Politica ed economia, si diceva. Ma come fare politica e come impegnarsi nei confronti degli elettori se, troppo spesso, quello che si promette in campagna elettorale poi non si può realizzare perché i soldi mancano? Francesco Boccia, addirittura, dal 2006 al 2008 è stao commissario liquidatore e presidente dell’organo straordinario di liquidazione del dissesto finanziario del Comune di Taranto, e rivela che «la situazione di Taranto veramente non ha eguali. Ho trovato persino venti morti da seppellire e non c’erano i soldi. Le aziende si fanno fallire, le pubbliche amministrazioni devono andare avanti. Si fecero miracoli sì, ma oggi i cittadini di Taranto pagano le tasse più salate d’Italia. Peraltro, è vero, spesso i polii descrivono un quadro che non c’è e promettono quello che non si può realizzare. Io prenderei fortemente le distanze sia da chi promette «meno tasse per tutti» (Berlusconi, ndr), sia da chi afferma che si può dare lavoro stabile a tutti i precari (Vendola, ndr). Le ricette? L’economia può ripartire solo tassando le rendite e le tassazioni finanziarie».

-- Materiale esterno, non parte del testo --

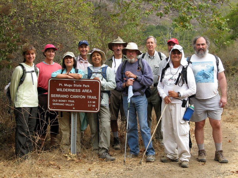 Eleven hikers met at the Madera Road carpool point on a slightly chilly morning. They then drove to the Big Sycamore Campground parking lot in Point Mugu State Park (the entrance fee is now $12; $11 if a “senior” is driving). The hike began by our walking north on Sycamore Canyon Road which is paved in the campground, but soon becomes a dirt road. After walking a little over a mile on the dirt road, we reached the trailhead for Serrano Canyon on the right. Our hike immediately improved dramatically as the trail [not a dirt road] headed eastward upstream for 1.7 miles through the shady wooded canyon which was pretty despite the prolonged absence of rainfall. We emerged from the canyon into lovely Serrano Valley which is ringed on all sides by mountains; it consists mainly of large meadows covered by wild grasses and dotted with a few trees and some bushes along the seasonal streams. There we began hiking the Serrano Valley Loop in a clockwise direction, stopping briefly to examine ranch artifacts such as an old water pump, an old abandoned car frame, and an old horse watering trough. The west side of the loop climbed part way up the mountain to a fork in the trail. We took the fork to the right and followed the trail as it climbed into the foothills along the north side of the loop [the left fork would have taken us to the Old Boney Trail]; it provided great views of the towering mountains to the northeast. Soon the trail began descending along the east side of the loop affording us with excellent views of the western part of Serrano Valley and the mountains to the south. We completed the 2.6-mile loop, rested briefly, and then descended through pleasantly cool Serrano Canyon to Big Sycamore Canyon where there were surprisingly few bicycle riders and virtually no other hikers. After a brief lunch break, we returned downstream to the campground parking lot, said our goodbyes to our friends, and returned to Simi Valley having completed an 8.8-mile “lollipop loop” hike with 950’ of elevation gain on a good day for hiking.

Veneziani punta il focus sulle scelte, spiegando che «la fase più delicata delle politica sono le scelte cosiddette impopolari, necessarie ma quasi mai condivise. Bisognerebbe fare in modo che pesino il meno possibile. Sicuramente è bene non fare certi annunci e dare segnali concreti anche di risparmio sui costi della politica. A me piacerebbe che si voti non ogni anno, ma che si accorpino le elezioni ogni quattro, cinque anni per dare stabilità, serenità e risparmiare».

Scelte impopolari significa decisionismo? E Tarantini si sente un decisionista? «Decisionista no, semplicemente uno che punta a rispettare il programma di governo che insieme si è condiviso ed approvato. Non c’è niente di nuovo in quello che si fa, ma solo scelte coerenti».